= John Bowden (minister) =

English Presbyterian minister

John Bowden (died 8 January 1750) was an English Presbyterian minister.

==Life==
While Bowden was identified, in Walter Wilson's manuscript list of dissenting academies, with the Bowden who studied under Henry Grove at Taunton, this was later taken to be an error.

Bowden was settled at Frome, Somerset, before 1700, as assistant to Humphrey Phillips, M.A. (silenced at Sherborne, Dorset, 1662, died 27 March 1707). He became sole minister on Phillips's death, and the meeting-house in Rook Lane was built for him in 1707. According to Dr. Evans's list he had a thousand hearers in 1717. Among them was Elizabeth Singer Rowe, whose funeral sermon Bowden preached in 1737. During the last nine years of his ministry Bowden was assisted successively by Alexander Houston (1741), Samuel Blyth (1742, moved to Birmingham 1746; see Bourn, Samuel, 1689-1754), Samuel Perrott, and Josiah Corrie (1750), who became his successor. There was a tablet to Bowden's memory outside the front of his meeting-house, which says that he died in 1750, and that he was "a learned man, an eloquent preacher, and a considerable poet."

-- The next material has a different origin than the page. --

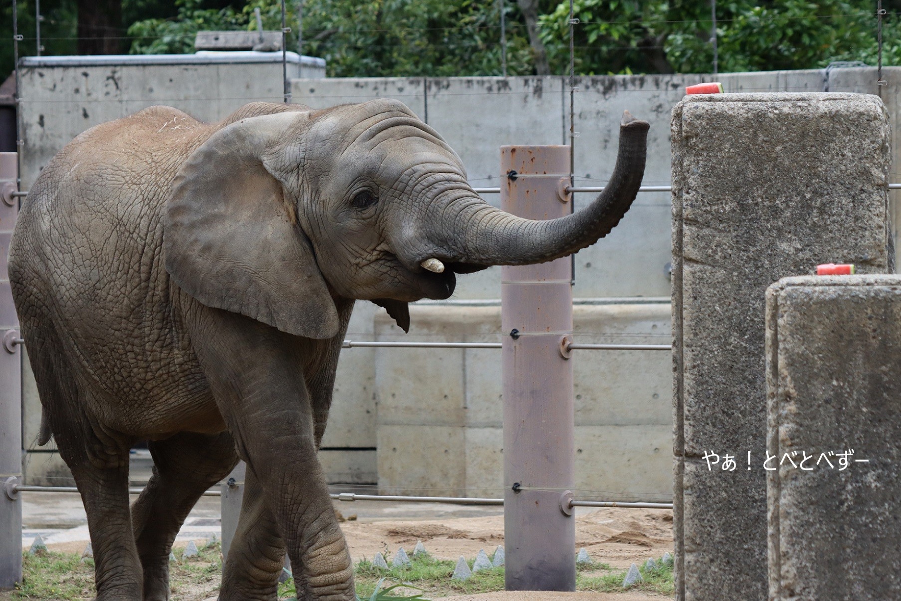 。ケさんの再開後の初出勤は再開後の初週末の6/5 (土) になりました。2か月ぶりのとべ動物園。とべ家の様子はというと、リカ母さんと砥愛ちゃんが鼻を上げての歓迎♪

Thomas Smith James referred to a trinitarian secession from his ministry. A writer in Notes and Queries (3rd ser. iv. 431) speaks of having in his possession a letter from Anne Yerbury, of Bradford, to Bowden's widow, dated January 1749, and forwarding An Essay towards ye character of my greatly esteemed Friend, the Rev. Mr. Bowden, which contains fulsome verses in reference to his poetical powers. Samuel Bowden, M.D., known as "the poet of Frome", was probably his brother. John Bowden does not seem to have published any separate volume of poetry. He is the author of a "Hymn to the Redeemer of the World" (34 stanzas), and a "Dialogue between a Good Spirit and the Angels" (11 pages), contained in Divine Hymns and Poems on several Occasions, &c., by Philomela and several other ingenious persons, 1704. The volume is dedicated to Sir Richard Blackmore, and the preface, which is unsigned, is probably by Bowden. "Philomela" is Elizabeth Singer Rowe; she had already published under this pseudonym in 1696.

Bowden died 8 January 1750 in Frome.

==Works==
Bowden is the author also of a few sermons:

- Sermon (1 Tim. iv. 16) at Taunton before an Assembly of Ministers, 1714.
- Sermon (Eccl. x. 16, 17) at Frome, on 20 Jan. 1714-5, 1715 (thanksgiving sermon for accession of George I).
- Exhortation, 1717, 3rd ed. 1719, charge at the ordination of Thomas Morgan at Frome, 6 September 1716, published with the ordination sermon, The Conduct of Ministers by Nicholas Billingsley, minister at Ashwick from 1710 to 1740. Morgan, who was independent minister at Bruton, Somersets, and afterwards at Marlborough (1715–26), became M.D., and was the author of The Moral Philosopher, 1738. The fact that Morgan, an independent at Marlborough, went to Frome for presbyterian ordination, is curious, and has been treated as an early indication of the theological divergences of the two bodies, but Morgan's Confession of Faith on the occasion is strongly trinitarian and Calvinistic.
- The Vanity of all Human Dependence, sermon (Ps. cxlvi. 3, 4) at Frome, 18 June, on the death of George I, 1727, dedicated to Benjamin Avery, LL.D., to whom Bowden was under "particular obligations".

Bowden was perhaps the grandfather of Joseph Bowden, "born at or near Bristol", who entered Daventry Academy under Ashworth in 1769. He was minister at Call Lane, Leeds, for over forty years, from about 1778, and author of (1) Sermons delivered to the Protestant Dissenters at Leeds, 1804; (2) Prayers and Discourses for the use of Families, in two parts, 1816.